Extracted data entries:
########
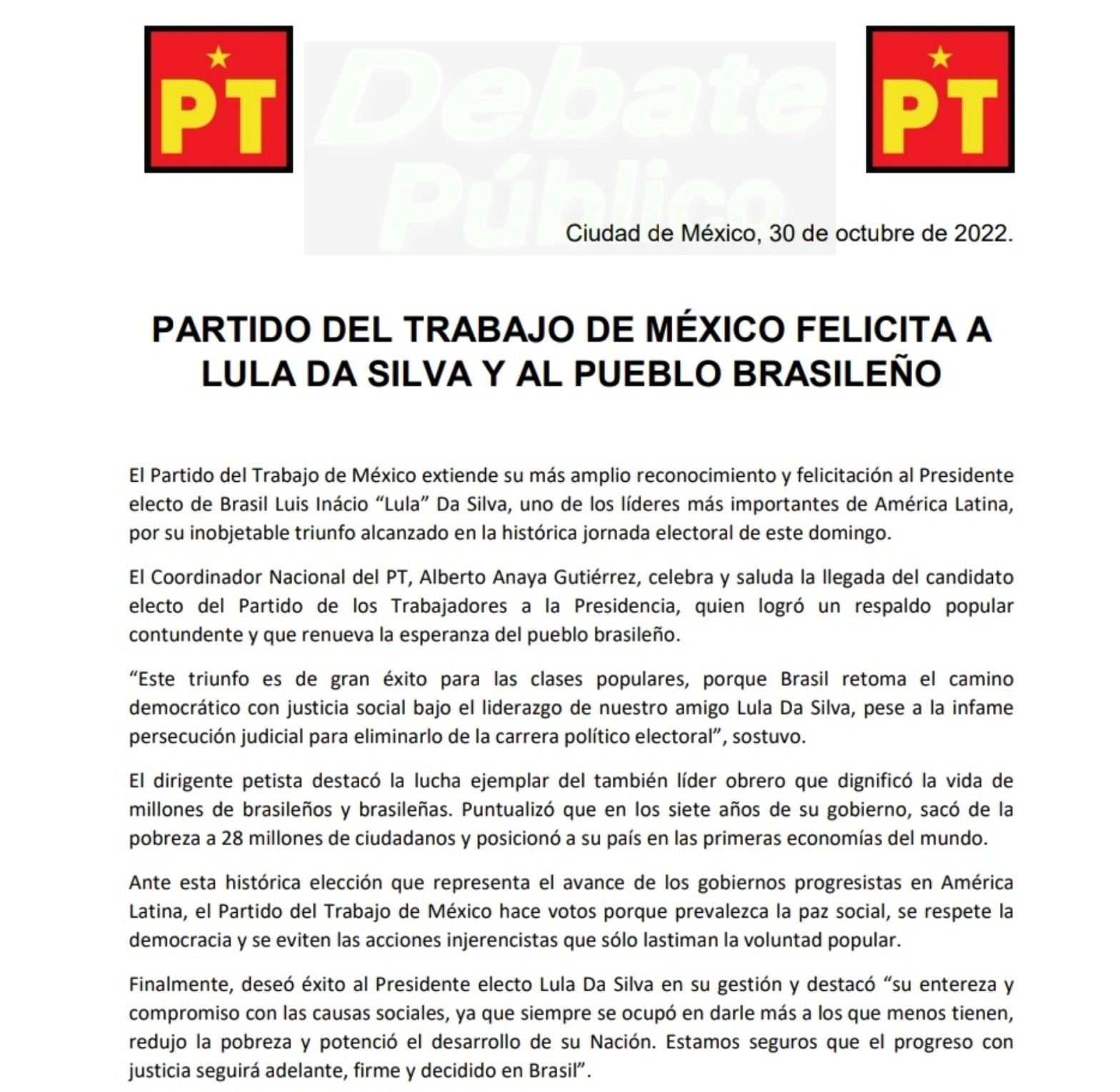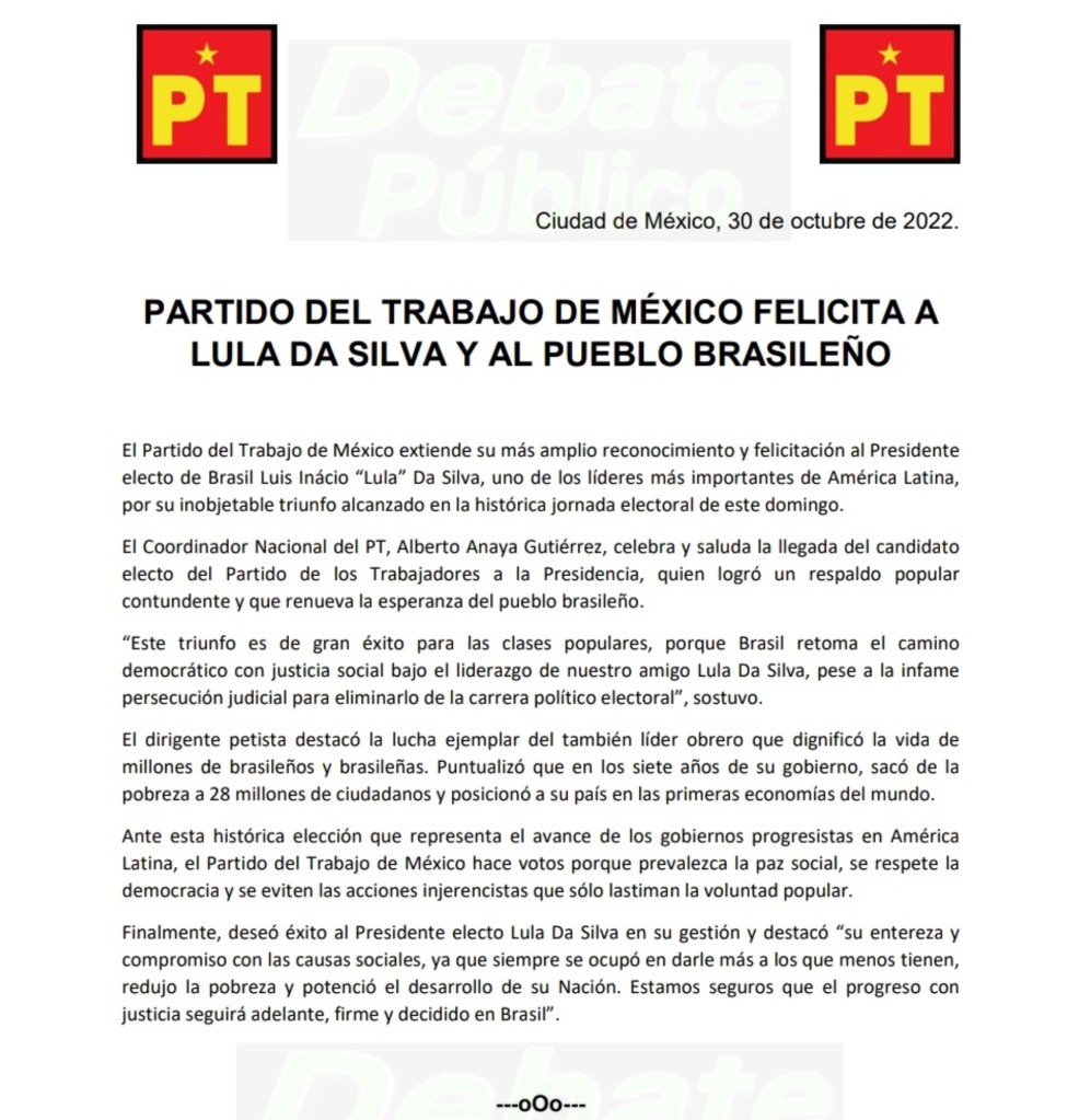 ManuelRojas.- El Grupo Parlamentario del Partido del Trabajo (GPPT), del cual forma parte el diputado federal Alejandro Aguilar López, felicita y reconoce al presidente electo de Brasil, Luis Ignacio «Lula» Da Silva, uno de los líderes más importantes de América Latina, quién este domingo 30 de octubre de manera inobjetable y contundente alcanzo el triunfo en una histórica jornada electoral.
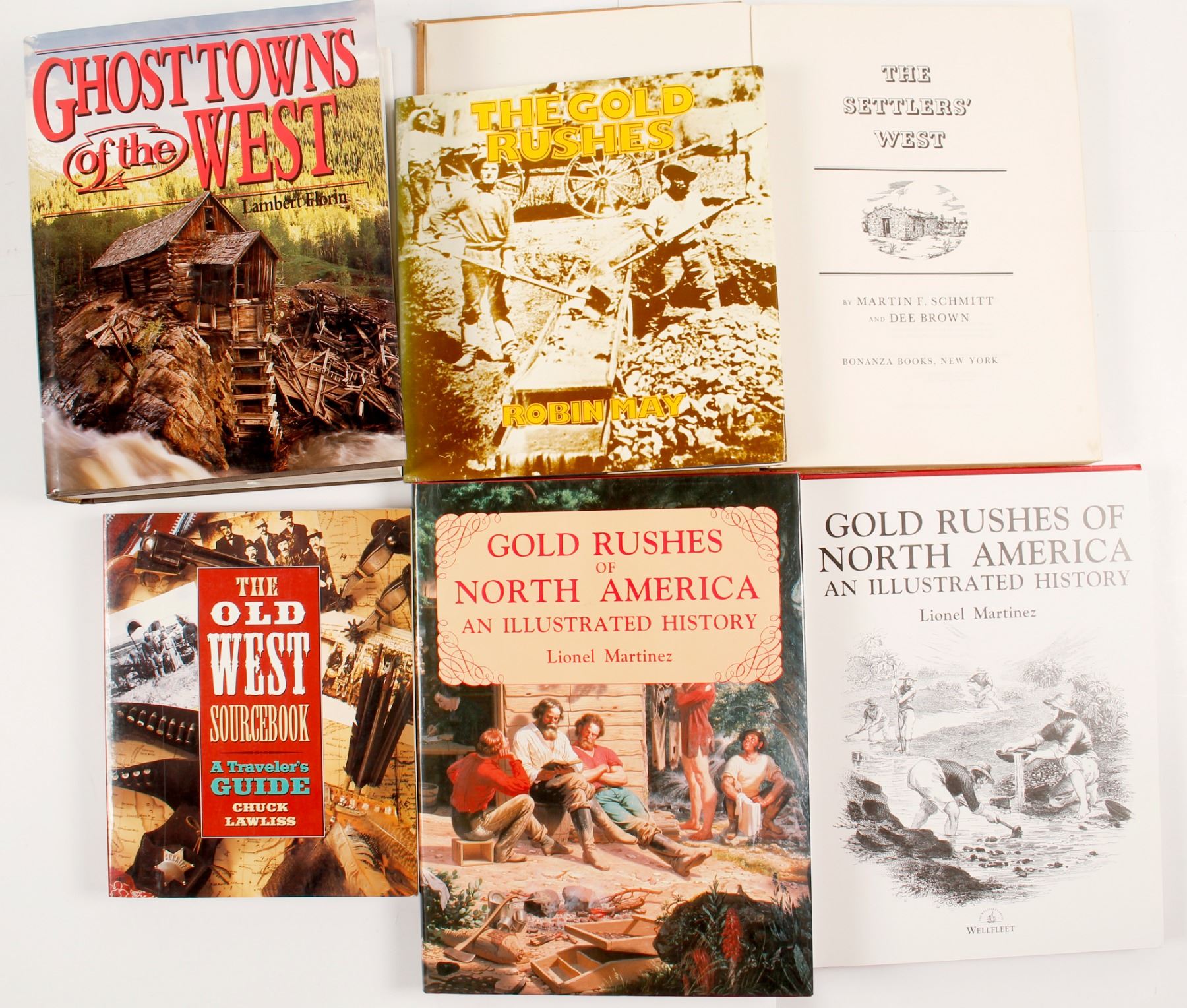 Hard covers. The Gold Rushes by May. The Old West Sourcebook, A Travelers Guide by Lawliss. Ghost Towns of the Old West by Florin. The Settlers West by Schmitt and Brown. Gold Rushes of North America by Martinez (2).
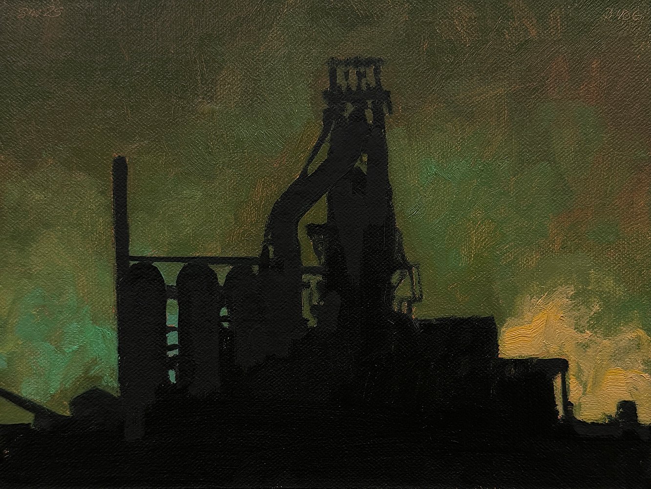 “Rouge” an original 2025 nocturne oil painting from the Postcards from Detroit series (est. 2007). Painted on a 6x8 " RayMar linen panel, this signed, titled, and dated work captures a moody nocturne view of the Rouge plant Detroit, MI. Catalog #3406. Unframed. Ideal for collectors of Detroit industrial landscapes, nocturne paintings, and original oil artworks. Please allow a few days for drying before shipment.
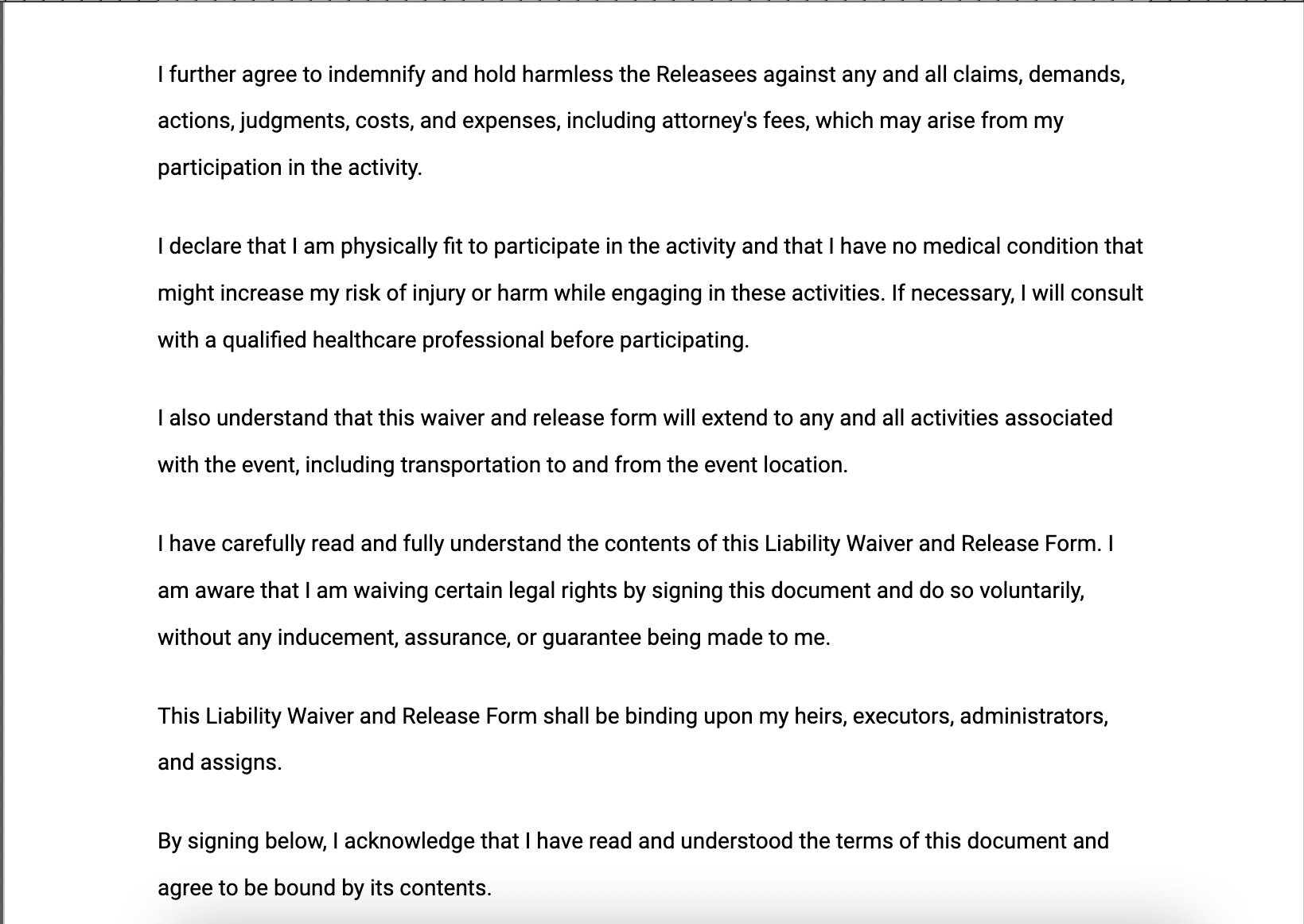 Free Legal Contract Liability Waiver Form Template to Edit Online
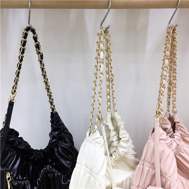 洗練されたデザインと機能性を兼ね備えたポーチ付きギャザーチェーンバック♡上品なギャザーデザインとシックなカラーリングが、どんなスタイルにもマッチします。
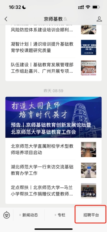 第四步:請應聘者及時關注“京師基教”微信公眾號及報名網(wǎng)站通知信息,簡歷篩選通過后4月24日-26日將于公眾號和報名網(wǎng)站發(fā)布考核確認通知,逾時未操作視為自動放棄。
########
WORK ITEM: Omit the pictures. Transcribe every record exactly.

THE ANSWER:
 ManuelRojas.- El Grupo Parlamentario del Partido del Trabajo (GPPT), del cual forma parte el diputado federal Alejandro Aguilar López, felicita y reconoce al presidente electo de Brasil, Luis Ignacio «Lula» Da Silva, uno de los líderes más importantes de América Latina, quién este domingo 30 de octubre de manera inobjetable y contundente alcanzo el triunfo en una histórica jornada electoral.
 Hard covers. The Gold Rushes by May. The Old West Sourcebook, A Travelers Guide by Lawliss. Ghost Towns of the Old West by Florin. The Settlers West by Schmitt and Brown. Gold Rushes of North America by Martinez (2).
 “Rouge” an original 2025 nocturne oil painting from the Postcards from Detroit series (est. 2007). Painted on a 6x8 " RayMar linen panel, this signed, titled, and dated work captures a moody nocturne view of the Rouge plant Detroit, MI. Catalog #3406. Unframed. Ideal for collectors of Detroit industrial landscapes, nocturne paintings, and original oil artworks. Please allow a few days for drying before shipment.
 Free Legal Contract Liability Waiver Form Template to Edit Online
 洗練されたデザインと機能性を兼ね備えたポーチ付きギャザーチェーンバック♡上品なギャザーデザインとシックなカラーリングが、どんなスタイルにもマッチします。
 第四步:請應聘者及時關注“京師基教”微信公眾號及報名網(wǎng)站通知信息,簡歷篩選通過后4月24日-26日將于公眾號和報名網(wǎng)站發(fā)布考核確認通知,逾時未操作視為自動放棄。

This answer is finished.